In recent years, artificial intelligence (AI) has been introduced for error detection and identification during radiotherapy treatment dose verification. While dynamic treatments such as IMRT and VMAT have become standard practice, dose verification is still performed in a time-integrated (TI) manner (i.e., summed over a treatment beam). However, it has been shown previously that errors can be hidden by TI verification methods, and that time-resolved (TR) methods are preferable [1]. Yet, the use of TR data, and its associated increase of dataset size and computational needs, poses challenges for interpretation of the data and training of AI models for error identification. The aim of this work was to develop an efficient AI method for identification of realistic simulated errors in TR dose verification data.

Material and Methods

Clinically realistic ranges of treatment errors (anatomical, positioning and mechanical) were simulated for 46 lung cancer patients (53 treatment plans, 106 VMAT arcs).

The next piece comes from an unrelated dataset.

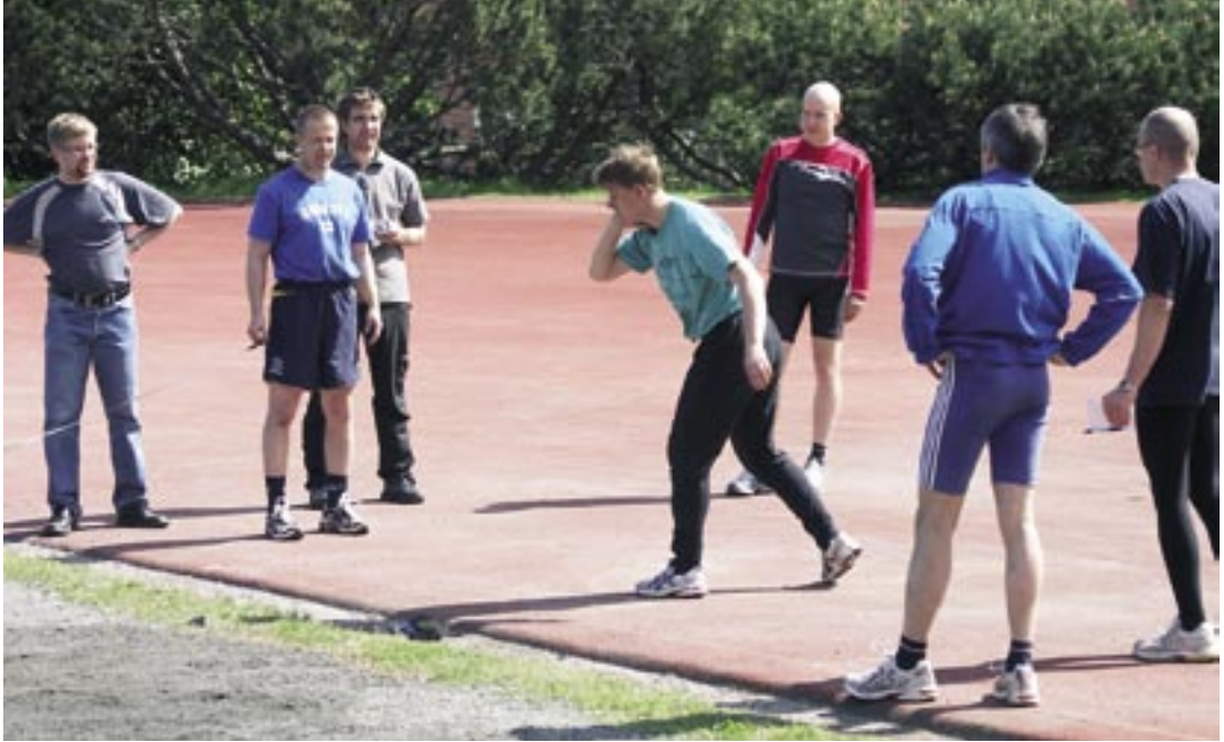
Mr. ja Ms. Ambiotica -urheilukilpailuun kuuluu useita lajeja. Kesäkuussa kilpailtiin yleisurheilussa.

TR portal dose images were predicted for CT images and treatment plans with and without errors, and compared using (3%, 3 mm) gamma analysis. The complete dataset consisted of 26659 TR gamma maps, with dimensions 128x128x97 pixels (i.e., 97 segments/timepoints of 2D 128x128 images). For efficient AI model training, multiple instance learning (MIL), a technique novel to the radiotherapy field, was employed. The idea behind MIL is that a data sample (in this work a TR gamma map) can be split in patches (in this work in separate segments) that are used separately as input for the AI model, but the model still learns the label (in this work the error type or magnitude) over all patches, i.e. a complete data sample. The MIL model (Figure 1) consisted of (1) a convolutional neural network (CNN) for extracting features from each segment of the TR gamma maps, (2) selection of the most informative segments, (3) a memory cell to retain the temporal information embedded in the data, and (4) an encoder-decoder for performing the final error identification. Two of these models were trained for different purposes: 1) classification of the error type (e.g., tumor regression, patient rotation or MLC systematic error) and 2) classification of the error magnitude (e.g., tumor regression > 50%).


Results

Accuracy of the MIL model on TR data was 86% and 74% for error type and magnitude classification, respectively; outperforming a CNN trained on TI data, which scored 79% and 62%. Additionally, step 2 of the MIL model allows some insight into which segments/linac angles are important for the model to identify the correct errors.

Conclusion

MIL is an efficient method for identifying treatment errors in large-scale TR dose verification data. Besides being computationally efficient, it improves error identification accuracy compared to CNNs for TI data, and has the potential to provide insight into model decisions.